Technical Working Group Meeting, June 2017

Minutes

Date: 13th June 2017
Attendees:

  • Marshall Ward (NCI, Chair)
  • Aidan Heerdegen (ARCCSS ANU)
  • Scott Wales (ARCCSS Melbourne Uni)
  • Nicholas Hannah (ARCCSS/Double Precision)
  • Russ Fiedler and Matt Chamberlain (CSIRO Hobart)
  • Justin Freeman (BoM)
  • Peter Dobrohotoff and Roger Bodman (CSIRO Aspendale)

COSIMA Workshop

  •  Marshall: Good meeting. A couple of main messages:
    1. Must have convergence of source code
    2. System for efficient sharing of model configurations
  • First item we are well on the way to achieve. Second has never been addressed.

Configuration Sharing

  • Marshall: Should focus our energies on configuration sharing.
  • Marshall: having configurations in OceansAus is close to what we want?
  • Currently when using payu configs are saved into local git repos, free floating. This could work for everyone. Should gather config files for runs.
  • Aidan: can have a GitHub organisation and push configurations there, or push to own GitHub accounts and tag repositories to allow search and discovery. Use OceansAus or dedicated GitHub organisation for more canonical configurations.
  • Peter agreed it is ok to have many thousands of configurations.
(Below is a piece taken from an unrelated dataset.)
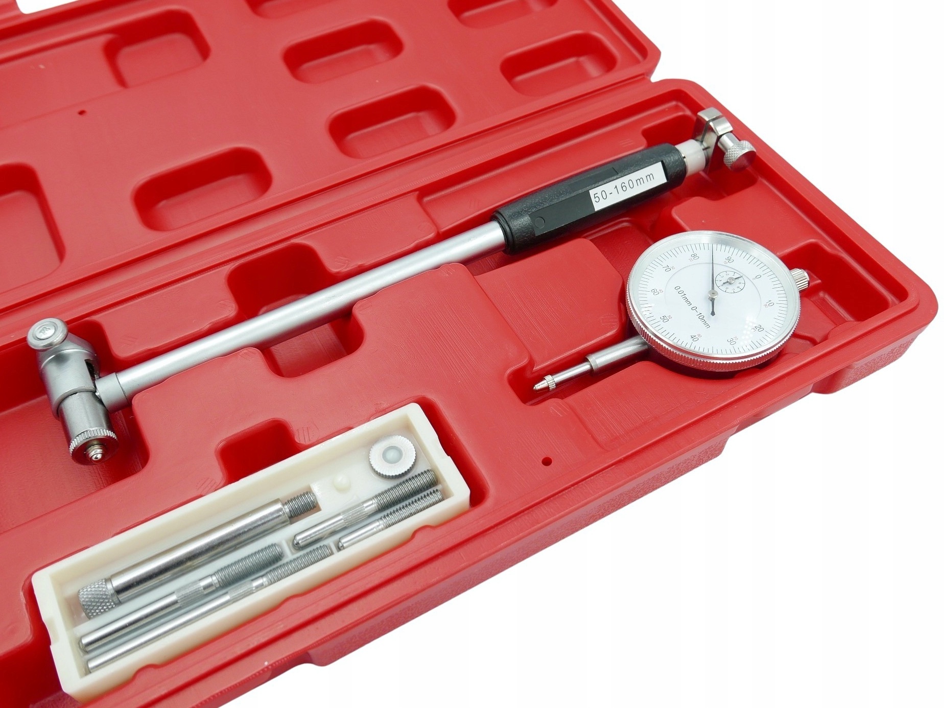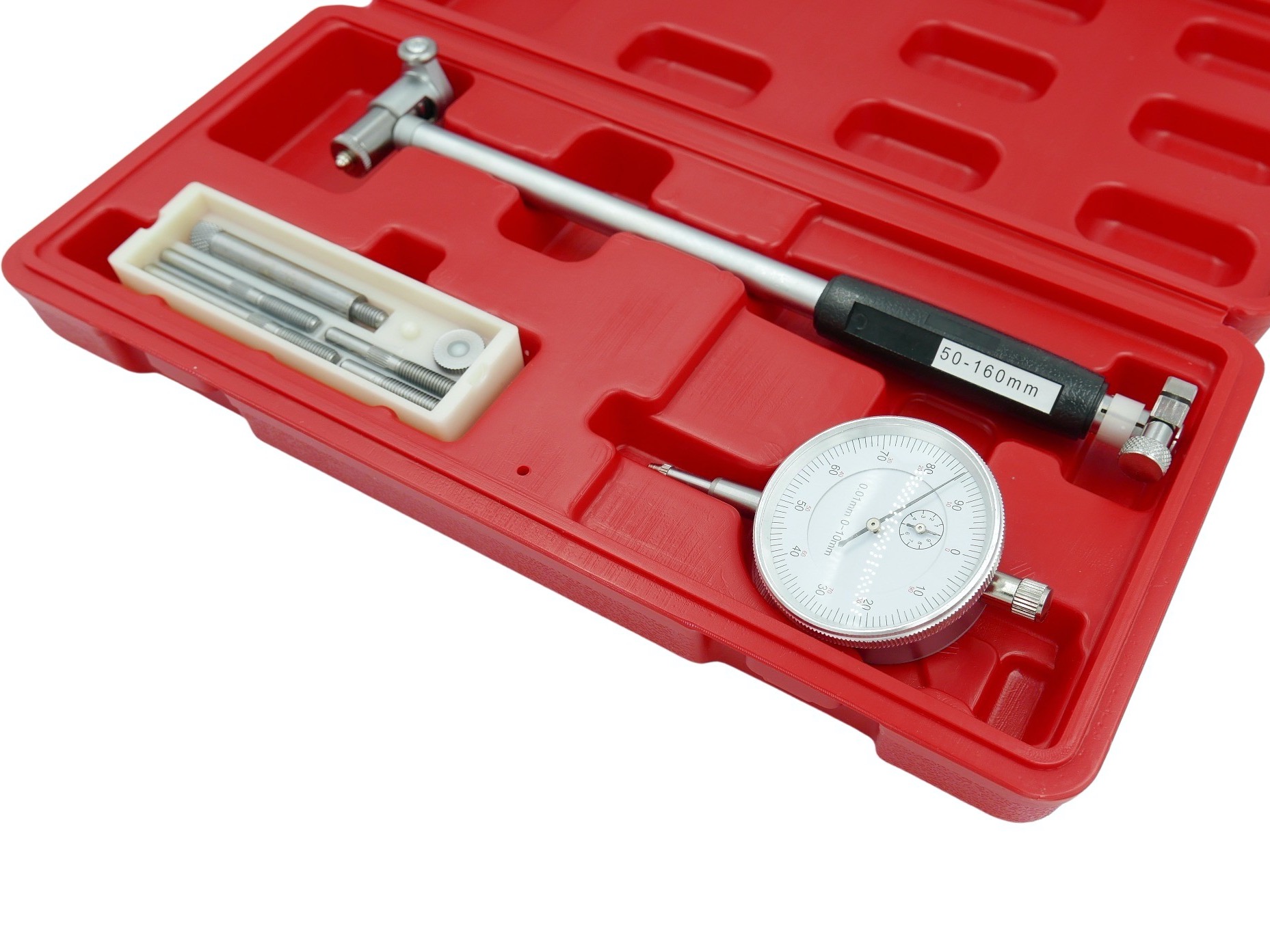 Ціферблатний індикатормістить циферблатний індикатор із поділкою 0,01 мм. Прилад оснащений механізмом (клином або важелем), який змінює бічний рух вимірювального наконечника в результаті зміни діаметра на поздовжній рух штифта датчика. Для діапазонів до декількох мм прилади будуються з градаціями 1-2 мм. Для великих розмірів використовуються регульовані подовжувачі. Похибка вимірювання залежить від номінального розміру отвору, точності показань датчика, точності еталону, умов вимірювання (температури) та кваліфікації оператора та коливається від кількох до десятків мікрометрів.

Scott agreed as long as there is a canonical version that is easily identifiable for others to fork from.
  • Nic felt that unless there was a good pay off most individuals would not make the effort to push their configurations up to shared spaces, or make the visible to others, but there is a pay-off for everyone if configurations are shared.
  • Nic: How do create a searchable index or database for others to find the stuff? May be bigger problem than storing data.
  • Marshall: Payu users can be forced to do it. Tracking history not seem such a big deal but a pay off for users down the track
  • Pete: if someone wants to use my config I give them my config and people branch off that. rosie-graph will show relationships between them.
  • Marshall: rose solves a lot of these problems already. We don’t benefit from that. Do we need to just use rose or emulate what it does best?
  • Scott: rose setup: metadata file in each repo branch, hook within repo which reads meta data file and adds to database. Currently there is not a lot of meta data in most branches.
  • Justin: does rose use git? Scott: should be back-end agnostic. Nic: possible solution? Use GitHub for configs, but use rose DB to share and index configurations?
  • Marshall: should we draft a plan?
  • Nic: Just try with rose? Gives us DB which is searchable and viewable. Doesn’t stop anyone from working in the way we want?
  • Marshall: Do we need accessdev to do this? Scott: I think it is a just a sqlite DB, so can just be on filesystem. Hooks in GitHub repo won’t work the same way to update it however.
  • Marshall: just start with something searchable? Nic: yeah, see what people are running.
  • Scott: Just start with a simple list. Nic: would want a GitHub repo and commit hash in meta data as a minimum.
  • Justin: make notes about what we think is possible. Common set of functionality will guide us. Rose sounds good, but may be too large a solution? Want something that won’t get in my way and lightweight. Don’t know too much about rose. Everyone agrees this is a good idea.
  • Scott: can just have a list of experiments. Don’t need the editor. Will send around link so Justin and others can take a look.
  • Marshall: really need a bunch of git repos and a way to organise them. Justin: metadata would be a great, to find things without bothering others.
  • Marshall: how do we share input data?
  • Justin: share through RDS? Jingbo working on this.
  • Nic: Justin said all our data sources should be pointing to URLs. Great idea! Never have to care about where data is coming from. Input through THREDDS URIs. Marshall: too ambitious? If you’re using netCDF interface, the library takes care of network. Should all happen under netCDF. Model thinks it is a file.
  • Aidan: slower? Nic: might not be slower?

COSIMA Models

  • Marshall: talking with Peter and Roger at optimisation meetings, seem to be bit-reproducibility issues with CM2. Has Nic ever looked at bit repro in OM2?
  • Nic: have checksums, and make sure they don’t change with code changes under same layout etc. haven’t noticed things aren’t reproducible in a typical short run. As soon as processor layout changes you’ll run into issues.
  • Peter: if run model 3 months and then 1 month at a time, get different answers. A few degrees over a few months. Restarts are not reproducible. CMIP5 worked ok. Now doesn’t work. Maybe need to check that the ice dumping ok.
  • Marshall: have faith in MOM5 core. Issues with flux exchange reproducibility. Anyone got issues with that?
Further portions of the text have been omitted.